Schlimmer war aber später eine Seuche, die den Viehbestand dahinraffte. Der Vater war ruiniert und glitt in den Alkoholismus ab. Damit verbunden gab es massive häusliche Gewalt, sodass die Frau (die Mutter des Autors) mit ihren Kindern zu deren Eltern zog. Der Autor war aus seinem gewohnten Familienverband also herausgerissen. Welche Auswirkungen das auf seinen Stand in der Gesellschaft hatte, ist ebenso wirklich lesenswert wiedergegeben.

Die Politik spielte natürliche ebenfalls eine große Rolle. In den 1950er-Jahren begann der Mau-Mau-Aufstand, der als Ziel die Unabhängigkeit Kenias hatte. Die Kenianer sahen, was die Inder vor kurzem geschafft hatten, und wollten das auch für sich erreichen. Allerdings hatte Mau-Mau nicht vor, das auf gewaltfreiem Weg wie Ghandi durchzusetzen, sondern per Guerilla-Krieg. Der Riss zwischen Briten-Getreuen und Partisanen ging quer durch die Gesellschaft und sogar Familien. Der älteste Bruder des Autors war einer der Partisanen; eines Tages wurde dieser auf dem Markt verhaftet, es gelang ihm aber, von der Ladefläche des Transporters zu springen und zu entkommen. Das ganze Dorf wusste, wer das war; das machte das Leben des jungen Ngũgĩ nicht gerade einfacher.

Trotz allem wurde er aber doch für die höhere Schule vorgeschlagen. Nach einer mehrtägigen Selektionsprüfung wurde er in die beste dieser Schulen aufgenommen. Etwas, was nur 5% der einheimischen Kandidaten gelang. Er war der Held der ganzen Großfamilie!

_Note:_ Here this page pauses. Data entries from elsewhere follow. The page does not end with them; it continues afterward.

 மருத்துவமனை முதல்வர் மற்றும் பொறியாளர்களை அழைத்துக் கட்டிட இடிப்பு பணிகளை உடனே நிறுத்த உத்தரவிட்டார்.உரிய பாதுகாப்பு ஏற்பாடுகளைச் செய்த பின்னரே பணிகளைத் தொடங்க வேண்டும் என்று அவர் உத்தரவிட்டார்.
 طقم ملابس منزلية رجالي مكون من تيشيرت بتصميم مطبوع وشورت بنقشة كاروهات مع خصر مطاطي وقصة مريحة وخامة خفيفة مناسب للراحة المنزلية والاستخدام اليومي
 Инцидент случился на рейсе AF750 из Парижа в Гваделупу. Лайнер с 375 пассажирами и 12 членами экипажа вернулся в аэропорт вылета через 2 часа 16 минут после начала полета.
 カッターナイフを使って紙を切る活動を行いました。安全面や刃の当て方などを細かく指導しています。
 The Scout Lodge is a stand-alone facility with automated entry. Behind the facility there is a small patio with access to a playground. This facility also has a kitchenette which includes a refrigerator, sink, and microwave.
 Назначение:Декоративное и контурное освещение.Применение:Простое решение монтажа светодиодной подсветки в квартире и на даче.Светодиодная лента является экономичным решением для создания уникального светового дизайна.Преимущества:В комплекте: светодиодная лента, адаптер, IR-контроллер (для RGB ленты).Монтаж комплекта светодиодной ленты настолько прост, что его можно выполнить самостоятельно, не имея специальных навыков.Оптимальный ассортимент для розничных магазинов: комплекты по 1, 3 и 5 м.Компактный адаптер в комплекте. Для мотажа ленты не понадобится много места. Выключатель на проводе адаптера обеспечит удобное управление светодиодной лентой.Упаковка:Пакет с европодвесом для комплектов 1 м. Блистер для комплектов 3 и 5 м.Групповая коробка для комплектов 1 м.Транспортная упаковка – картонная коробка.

Mit der Fahrt in das Internat dieser Schule endet das Buch. Sie war nicht ohne Hürden, weil die Briten inzwischen die Regeln für die Reisefreiheiten bzw. Reiseunfreiheiten geändert hatten, wovon der junge Mann nichts wusste. Letztlich fand sich aber doch noch ein Weg, sodass es zumindest für diese Episode ein Happy End gab.

* * * * *

Ansonsten gab es nicht allzu viele Happy Ends im späteren Leben. Kaum war Kenia Anfang der 1960er-Jahre unabhängig, zogen Jomo Kenyatta und Daniel arap Moi ein autokratisches Regime auf mit allem, was so dazu gehört. Unter anderem eben auch Gesinnungsterror.

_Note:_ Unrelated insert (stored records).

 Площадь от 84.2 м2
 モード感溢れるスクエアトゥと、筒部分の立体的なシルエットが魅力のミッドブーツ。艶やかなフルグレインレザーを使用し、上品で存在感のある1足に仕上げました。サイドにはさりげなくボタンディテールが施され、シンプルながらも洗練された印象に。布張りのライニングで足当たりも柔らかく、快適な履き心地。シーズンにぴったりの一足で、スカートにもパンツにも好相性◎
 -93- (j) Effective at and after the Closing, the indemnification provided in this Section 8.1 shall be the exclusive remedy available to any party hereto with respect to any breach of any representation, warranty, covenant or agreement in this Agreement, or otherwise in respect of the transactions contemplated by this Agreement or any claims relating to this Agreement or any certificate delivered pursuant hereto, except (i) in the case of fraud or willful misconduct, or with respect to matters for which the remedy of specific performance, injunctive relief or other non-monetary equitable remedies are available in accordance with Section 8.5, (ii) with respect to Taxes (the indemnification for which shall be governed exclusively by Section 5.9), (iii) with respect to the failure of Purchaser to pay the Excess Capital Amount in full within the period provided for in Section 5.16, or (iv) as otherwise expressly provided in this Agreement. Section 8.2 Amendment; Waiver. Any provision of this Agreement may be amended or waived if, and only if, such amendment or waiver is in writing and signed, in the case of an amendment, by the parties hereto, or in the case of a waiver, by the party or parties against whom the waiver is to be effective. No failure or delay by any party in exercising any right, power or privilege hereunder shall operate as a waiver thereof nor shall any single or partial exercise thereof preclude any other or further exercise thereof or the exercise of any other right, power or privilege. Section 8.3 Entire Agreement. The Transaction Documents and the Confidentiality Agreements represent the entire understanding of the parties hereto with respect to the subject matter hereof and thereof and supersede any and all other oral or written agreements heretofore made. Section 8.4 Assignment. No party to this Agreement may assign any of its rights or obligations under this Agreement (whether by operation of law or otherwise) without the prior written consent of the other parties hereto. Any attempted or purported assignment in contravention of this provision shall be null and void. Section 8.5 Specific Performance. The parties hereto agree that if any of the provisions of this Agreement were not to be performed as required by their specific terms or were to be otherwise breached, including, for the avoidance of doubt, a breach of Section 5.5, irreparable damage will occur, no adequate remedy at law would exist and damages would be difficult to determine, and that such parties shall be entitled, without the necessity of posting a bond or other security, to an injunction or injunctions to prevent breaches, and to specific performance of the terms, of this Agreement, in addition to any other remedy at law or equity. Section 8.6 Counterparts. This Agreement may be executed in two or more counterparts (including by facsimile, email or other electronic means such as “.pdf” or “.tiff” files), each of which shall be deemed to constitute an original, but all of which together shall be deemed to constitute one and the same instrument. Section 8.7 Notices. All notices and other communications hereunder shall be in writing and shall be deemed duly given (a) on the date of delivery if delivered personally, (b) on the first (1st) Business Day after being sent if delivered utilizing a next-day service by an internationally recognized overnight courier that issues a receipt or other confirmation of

Der Autor schrieb ein Theaterstück, das nicht genehm war, worauf er gleich einmal für ein Jahr im Gefängnis landete. In dieser Zeit gelang es ihm, einen Roman (Der gekreuzigte Teufel) auf Toilettenpapier zu schreiben. Kurz vor Fertigstellung wurde er ihm abgenommen, die neue Gefängnisleitung gab ihn ihm dann wieder zurück. Amnesty International ist es letztlich zu verdanken, dass er freigelassen wurde und ins Exil gehen konnte! Exil ist niemals lustig, aber es ermöglichte ihm immerhin den weiteren Weg seiner akademischen Laufbahn. In einem Interview geht er auf all das noch einmal ein.

Allein schon wegen dieses ungewöhnlichen Lebenslaufes lohnt es sich für mich, weitere seiner Bücher auf die Liste zu nehmen. Verbunden mit seinem lebendigen Schreibstil freue ich mich schon auf interessante Stunden, die ich mit seinen Büchern verbringen werde.